Climate; World Heading Towards Wrong Direction

In today's world, we find ourselves in the midst of a global crisis convergence, where a multitude of threats intersect and challenge our collective resilience. From the pressing issues of climate change and economic inequality to the divisive specter of political polarization, these challenges seem insurmountable. However, history shows that societies have faced and sometimes overcome such threats before. Today, we have a unique advantage: knowledge. This knowledge is not just a rehash of past events but is obtained through new methods and data.

“Climate science is clear: we are heading in the wrong direction”, declares a major, multi-agency UN climate science report released on Tuesday, which highlights the huge gap between aspirations and reality. The report, United in Science, said that increasing fossil fuel emissions and rising greenhouse gases, now at a record high, risk thwarting plans to reduce global temperatures and avoid climate catastrophe.

The multi-agency report coordinated by the World Meteorological Organization warns that the physical and socio-economic impacts of climate change will be increasingly devastating without much more ambitious action.


It shows that greenhouse gas concentrations continue to rise to record highs. Fossil fuel emission rates are now above pre-pandemic levels after a temporary drop due to lock downs. In order to achieve the goal of the Paris Agreement, namely keeping global temperature rises to 1.5 degrees Celsius above pre-industrial levels, greenhouse gas emission reduction pledges need to be seven times higher, says the report.


Noting that as global warming increases, “tipping points” in the climate system cannot be ruled out, the reportstated that the past seven years were the warmest on record. “There is a 48% chance that, during at least one year in the next 5 years, the annual mean temperature will temporarily be 1.5°C higher than 1850-1900 average,” the report said.

The authors point to the recent devastating floods in Pakistan, which saw up to a third of the country underwater, as an example of the extreme weather events in different parts of the world this year. They also talk about prolonged and severe droughts in China, the Horn of Africa and the United States, wildfires, and major storms.

“Climate science is increasingly able to show that many of the extreme weather events that we are experiencing have become more likely and more intense due to human-induced climate change,” said WMO Secretary-General Petteri Taalas.

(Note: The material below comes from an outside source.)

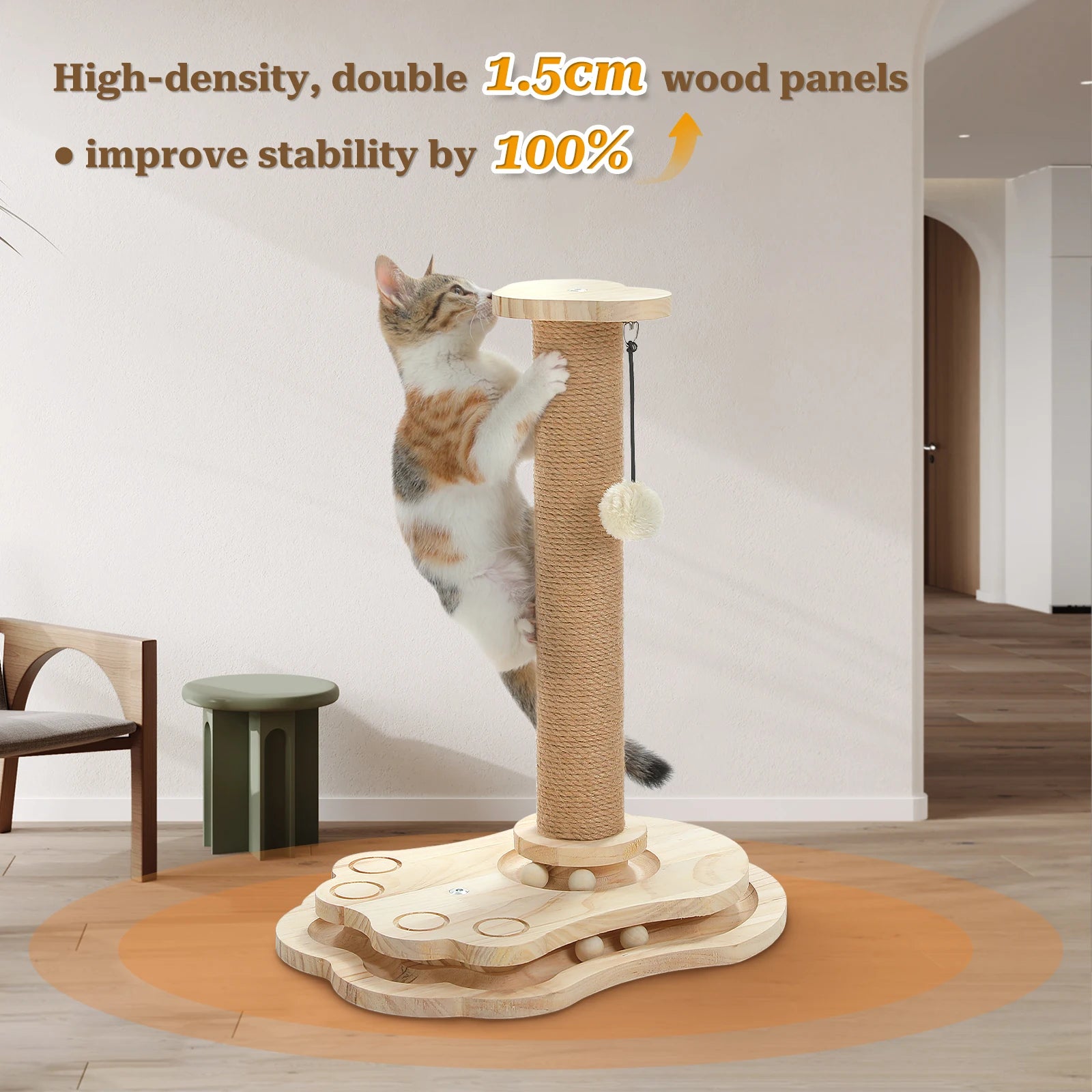 Wooden Cat Scratching Post with Rolling Ball Track Hanging Ball Small Cat Furniture with Natural Sisal Rope Interactive Cat Toy

“We have seen this repeatedly this year, with tragic effect. It is more important than ever that we scale up action on early warning systems to build resilience to current and future climate risks in vulnerable communities,” he said.


Responding to the United in Science report, Secretary-General António Guterres, said “Floods, droughts, heat waves, extreme storms and wildfires are going from bad to worse, breaking records with alarming frequency. Heat waves in Europe. Colossal floods in Pakistan. Prolonged and severe droughts in China, the Horn of Africa and the United States. There is nothing natural about the new scale of these disasters. They are the price of humanity’s fossil fuel addiction.”

“This year’s United in Science report shows climate impacts heading into uncharted territory of destruction. Yet each year we double-down on this fossil fuel addiction, even as the symptoms get rapidly worse,” he said.

United in Science provides an overview of the most recent science related to climate change, its impacts and responses. The science is clear – urgent action is needed to mitigate emissions and adapt to the changing climate, says the report. It includes input from WMO (and its Global Atmosphere Watch and World Weather Research Programmes); the UN Environment Programme, the UN Office for Disaster Risk Reduction, the World Climate Research Programme, Global Carbon Project; UK Met Office, and the Urban Climate Change Research Network. It includes relevant headline statements from the Intergovernmental Panel on Climate Change’s Sixth Assessment Report.


• Atmospheric greenhouse gas (GHG) concentrations continue to rise and fossil fuel emissions are now above pre-pandemic levels after a temporary drop due to lockdowns associated with the COVID-19 pandemic in 2020 and 2021

• Recent years saw record high temperatures and ocean heat. Looking forward, there is a 48% chance that, during at least one year in the next five years, annual mean temperature will temporarily be 1.5 °C higher than in 1850-1900

• Mitigation pledges are insufficient to achieve the Paris Agreement. Enhanced action is needed to prevent the continued warming that is increasing the likelihood of irreversible changes in the climate system, known as tipping points

• Billions of people around the world are exposed to climate change impacts. Cities – responsible for up to 70% of human-caused emissions – will face increasing socioeconomic impacts and the world’s most vulnerable populations will suffer most, as seen in recent extreme weather events

• Adaptation is crucial to lower the risks to climate impacts. Early warning systems can save lives, reduce losses and damages, contribute to disaster risk reduction and support climate change adaptation.